Wednesday, 26 July 2017

PERIODICAL RAMBLINGS (1)



The Sewanee Review

    I said I would be rambling on about magazines and it is fitting to start with a literary one that has been around a long time. Founded in 1892 it is “the longest-running literary quarterly in America.” In the fall it will publish its 500th edition. It issues from Sewanee which is more formally known as the University of the South which, by the way, is ten years older than Canada. It is fitting, as well, that the issue displayed has flowers on the cover since Sewanee is situated in a bucolic ‘Domain’ occupying 13,000 acres. Sewanee is about an hour from Chattanooga. If at this point you are humming “Old Folks at Home” you are thinking about the Suwannee River which begins in another state farther south.

  My selection of this serial as the first in this series can be explained partially (perhaps even largely) by the fact that some of the work I was going to do has already been done. A new Yankee editor has been hired and he and the journal are the subjects of a recent article in The New York Times, making my job easier.

   Although The Sewanee Review would have been described by some as “moribund” the new editor, Adam Ross, thought it “a magazine with some of the greatest DNA in the American literary ecosystem” and that it “seemed worth slowing my literary career down for.” Great writers have always been associated with the journal and Ross is bringing in some great new ones. The website has been made more robust and the subscription numbers now have four digits.

    If you visit the site of The Sewanee Review you will find that $35 are required to breach the paywall.

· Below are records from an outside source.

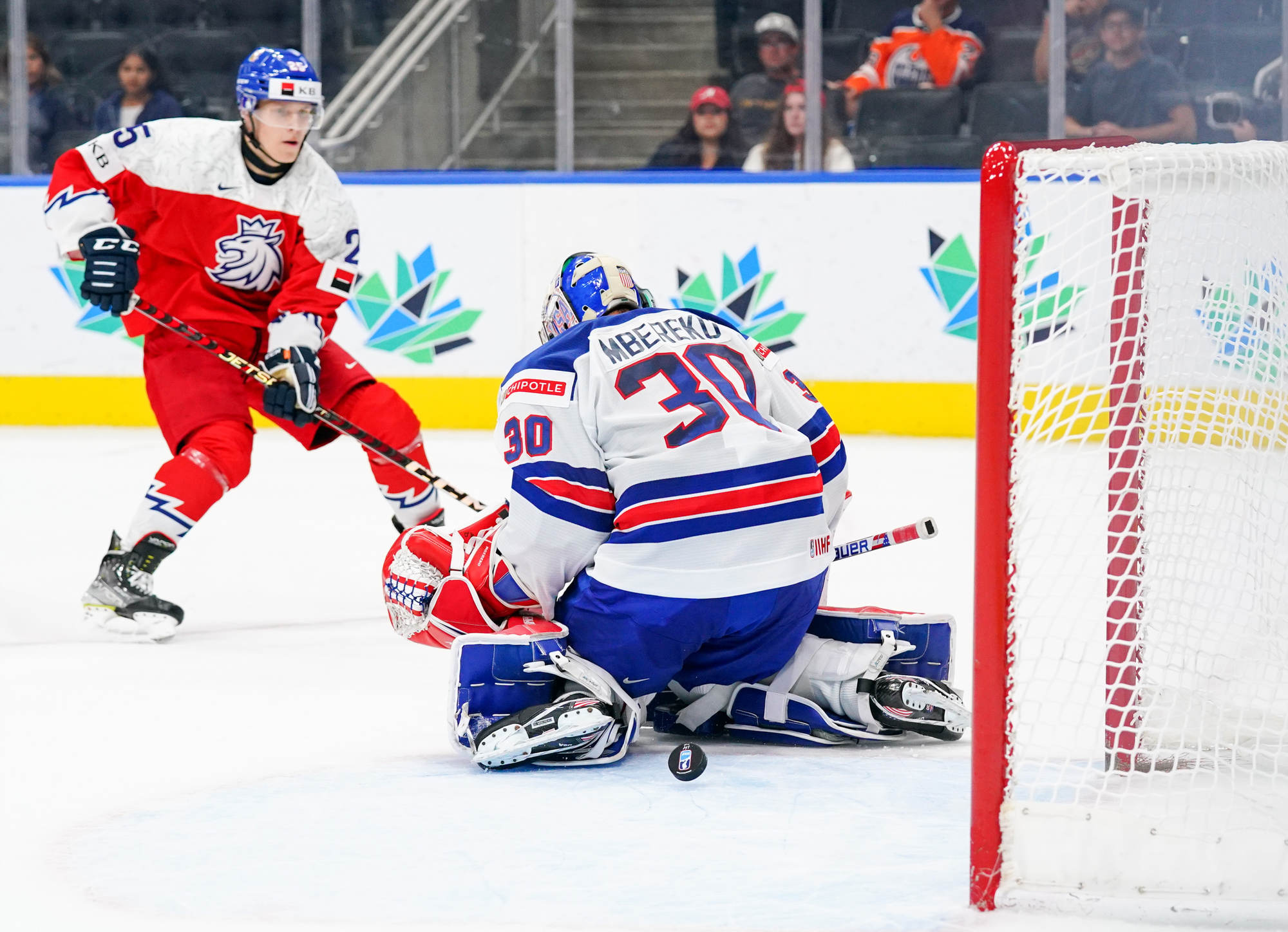 Mbereko went to the bench with 1:40 left and a faceoff in the Czechia end, but a giveaway allowed Kulich to steal the puck and score an empty netter to seal the victory.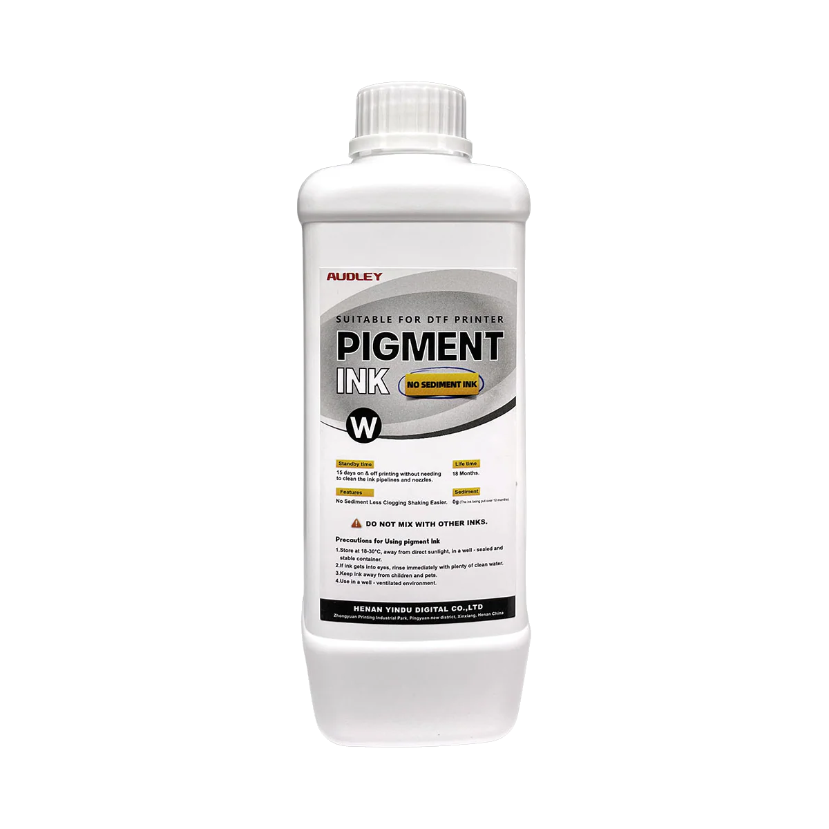 Tired of shaking bottles and dealing with clogged nozzles?Audley’s No-Sediment DTF White Inkis engineered withmicro-precipitation technologythat keeps pigment particles evenly suspended, ensuringsmooth flow and reliable performance.Whether your printer runs daily or sits idle forup to 15 days,this formula deliversbright, bold whiteswithout the mess or downtime.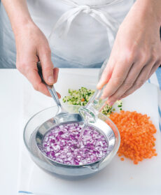 Il gusto della semola in granelli è al servizio di pesce pregiato servito con il suo guazzetto. Un primo piatto preparato con cous cous pronto, facile e veloce, che per gli amanti del fai da te si prepara anche in casa come vi raccontiamo qui. Il sapore delicato di moscardini e mazzancolle è rafforzato dalla bottarga e si sposa con fragranti ortaggi. Servito freddo dopo qualche ora è ancora più buono.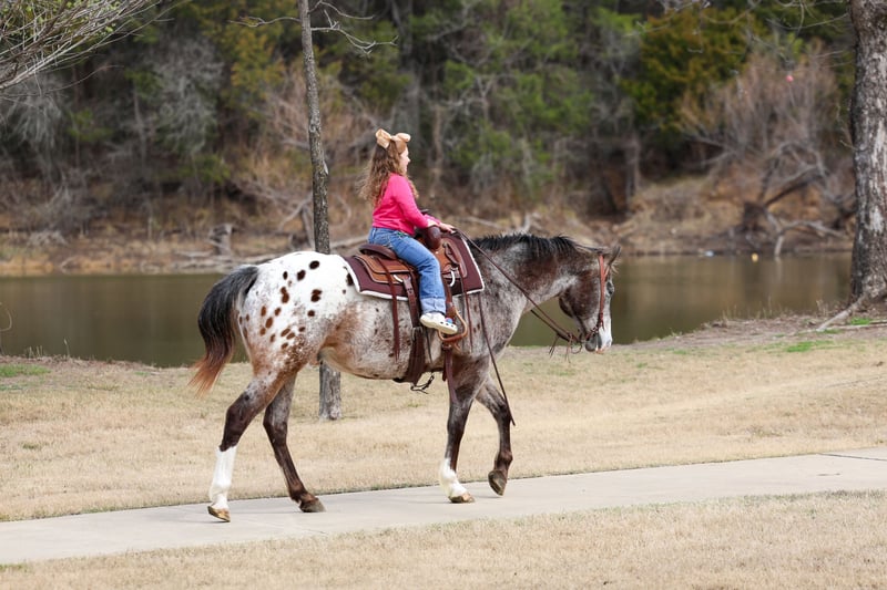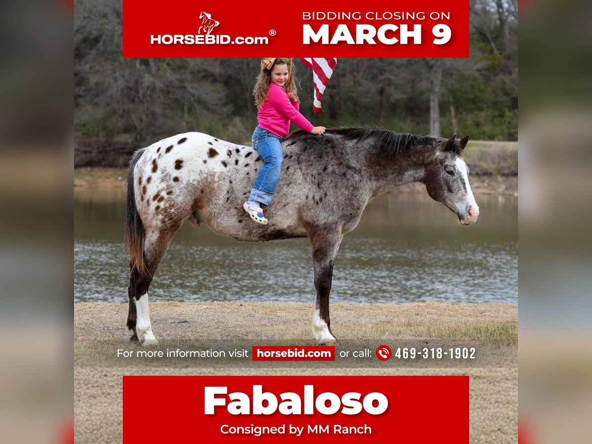 ℳ𝒶𝓇𝒸𝒽 ♦️𝐑𝐈𝐃𝐄𝐑'𝐒 𝐂𝐇𝐎𝐈𝐂𝐄♦️ Happening now thru MONDAY | MARCH 9th - Available EXCLUSIVELY on HorseBid's website! For more details and to register visit: www.Horsebid.com CONSIGNOR CONTACT: MM Ranch 469-318-1902 LOCATION: Forney, TX BREED: Appaloosa REGISTERED: No REGISTERED NAME: Fabaloso COLOR: Appaloosa HEIGHT: 15.1 AGE: 13 GENDER: Gelding Fabaloso aka the Fabulous Appaloosa!!! Yes also named after the best smelling floor cleaner ever. Fabaloso is a 13 year old (verified by a vet) and 15.1 hands tall blanketed Appaloosa. In my opinion a very unique looking and very pretty Appaloosa. But I’m very partial to him! Fabaloso is absolutely gentle kind soul that would be the most ideal horse for first time horse owners. He is so unbelievably kind, soft eyed, straight to the point, no nonsense type of gelding. The kind that is reliable, steady, and seasoned. He is a been there done that type because he has literally been there and done everything. He has been ridden across mountain ranges, hunted off of, and has packed gear through the great backcountry. He crosses water, logs, bridges, brush, and terrain of every kind like he's done it a thousand time. Where most horses spook or hesitate around traffic, busy roads, trains, crowds of people, Fabaloso doesn't even blink an eye at it. 🚂 We took him to town and watched the train pass, he stood right bedside it and wasn't bothered by it with a 6 yr old on his back. How many horses do you know will do that?!?! Have you ever stood beside a moving train? I’m talking like 5 ft from it and felt the wind rushing by you and heard the loud noses it makes. It will make your heart race even as a human. He rode right next to out with a very timid little 6 yr old on his back. Absolutely didn’t even faze him at all. 🚂 This gelding is as solid in town as he is on the trails. Ride him right down the street with cars buzzing past, trucks rolling by, and everyday commotion with confidence knowing he will not spook. He's been down Main Street, through neighborhoods, and into busy areas without a single worry. Fabaloso is fun and easy to ride. That old fashioned broke type. You can ride him with a string around his neck. He is light and responsive. Absolutely does everything you ask him to do without hesitation. Fabaloso is an in-your-pocket, meet-you-at-the-gate kind of gelding. He's soft, gentle, and genuinely enjoys people. You can saddle him cold, saddle him warm, saddle him after time off—he stays the same, broke and honest. Rides bareback. He rides in a halter, hackamore, or bit, it doesn't matter to him. Even if you are a complete beginner, you can ride him and enjoy him. Absolutely safe with no bad habits whatsoever. I can't say that enough. It doesn't matter if you have never owned a horse before. You can learn on this one. You can build your confidence. But if you are an advanced rider looking for safe you can enjoy him too. Stall him or turn him out-either way, he's content and an easy keeper. Fabaloso is the full package with the kind of temperament people spend years searching for. If you want a bombproof gelding that the whole family can ride, in the mountains, on the streets, work the ranch, and babysit the kids, one that you know without a shadow of a doubt that they are safe —this is the one. Horses with this kind of experience and mileage don't come up for grabs often. Fabaloso is a very easy keeper. Requires no maintenance of any kind. He can go bare foot or put shoes on him. He sells 100% sounds with no issues. He did have a pre vet evaluation done included in the pictures. If you have anymore questions about him feel free to call. We would love to visit with you about him. We can help you arrange fast affordable shipping anywhere. He is up to date on all vaccinations, worming, had his teeth checked, feet. He is ready to go to his new home.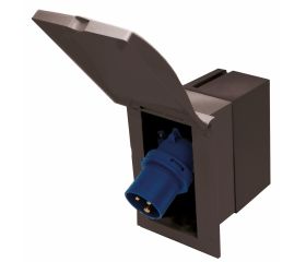 Clavija empotrable basculante para caravana 3P 16A color negro IP44. Ofrece conexiones seguras y duraderas.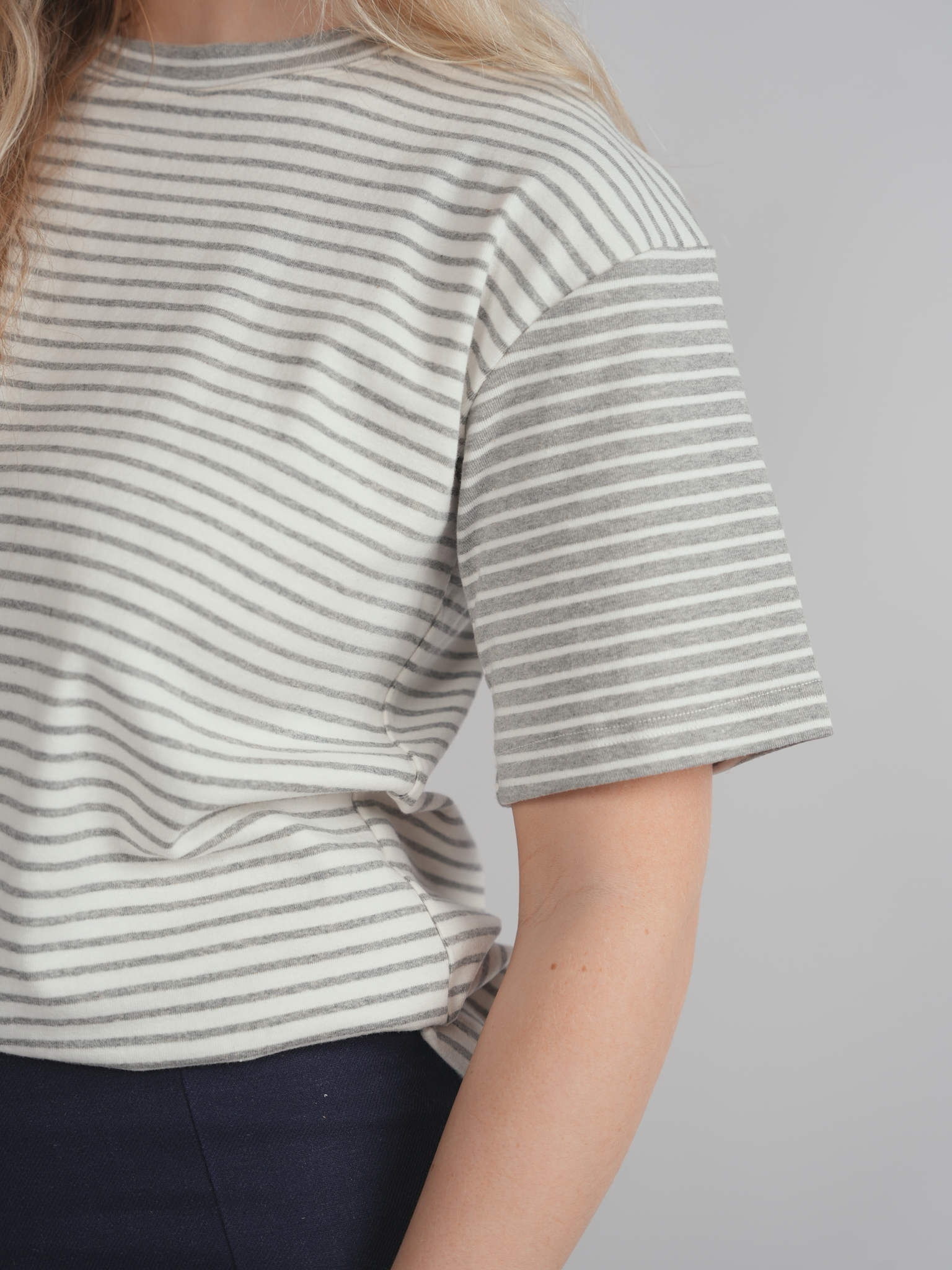 An oversized short-sleeve t-shirt with contrasting stripes. Made of soft and comfortable cotton, perfect for a casual look and everyday style.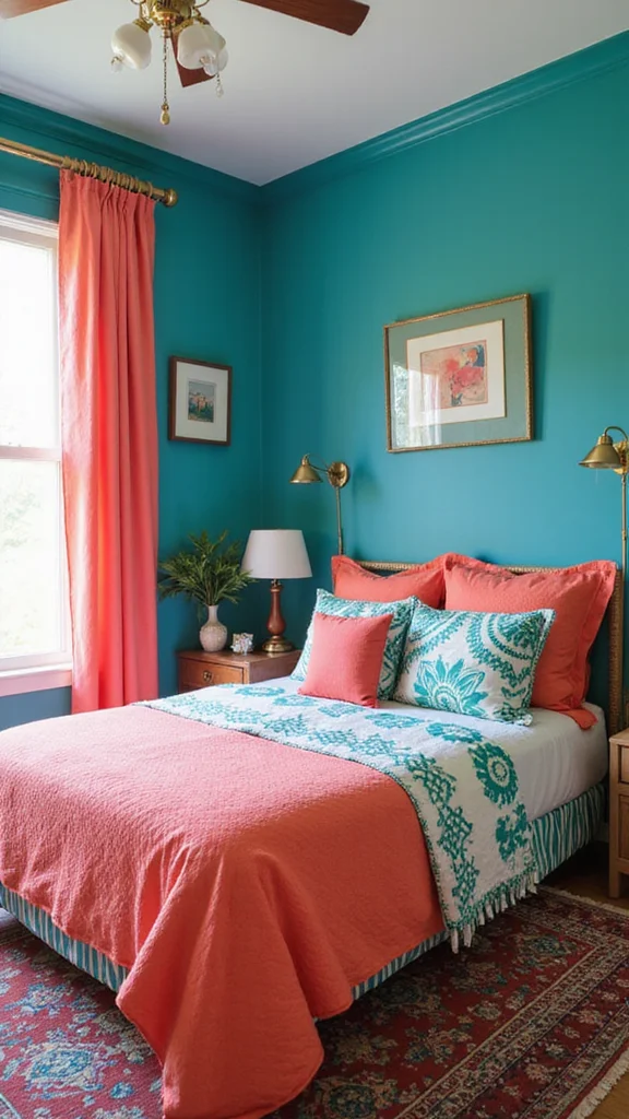 To use contrasting colors, try an accent wall in teal paired with coral accessories. This instantly adds flair and modernity, enhancing the charm of your room. Just remember to balance bold colors with neutrals to maintain harmony.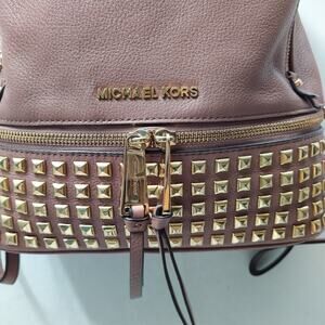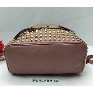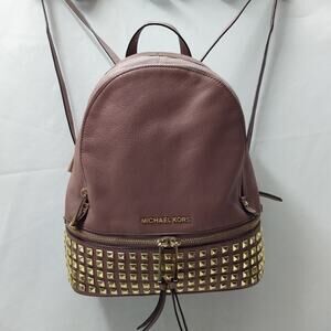 Michael Kors Rhea Pink Pebbled Leather Studded Top Handle Zipper Backpack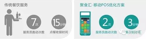 服務(wù)員可手持聚食匯·移動POS直面顧客進行點單、收銀操作,避免服務(wù)員來回往返于餐桌和收銀臺之間,縮短服務(wù)時間并提高用戶就餐體驗,聚食匯·移動POS點餐收銀比傳統(tǒng)點餐收銀平均每桌節(jié)約時間12分鐘。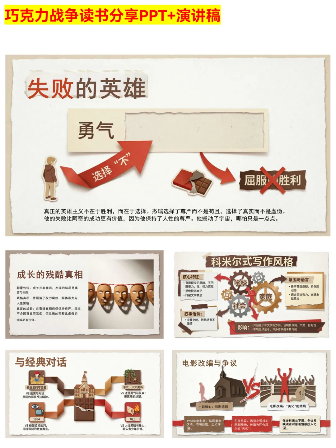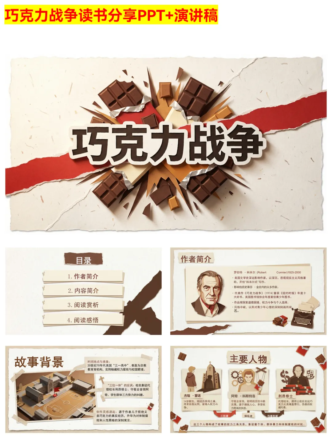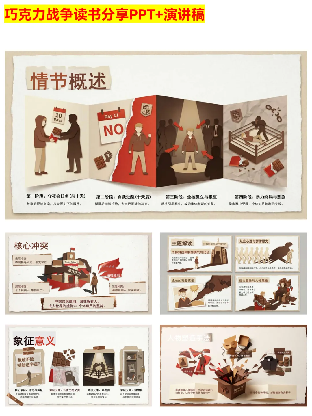 谁懂啊!这份《巧克力战争》PPT完美还原小说的深刻内涵~ 从情节四阶段到核心冲突,从人物塑造到主题解读,把“坚持自我未必胜利但有尊严”的成长真相讲透了。杰瑞的孤独反抗、阿奇的权力操控、利昂修士的伪善,每个角色都值得细品。适合学生做读书作业、文学博主分享素材,帮你快速掌握这本书的文学价值与现实意义。 #巧克力战争 #读书分享 #成长真相 #文学PPT #读书作业 #经典小说 #现实意义 #人性黑暗 #权力腐败 #独立思考

You can, however, sample some material from the archives where you will find pieces by such writers as Joyce Carol Oates, Cormac McCarthy and Flannery O’Connor. You can also access the associated blog - The Conglomerate - and read for free some essays and interviews.

    The article in The New York Times notes some other literary revivals and I will include the section here and strike these serials from those to be considered in future rambles.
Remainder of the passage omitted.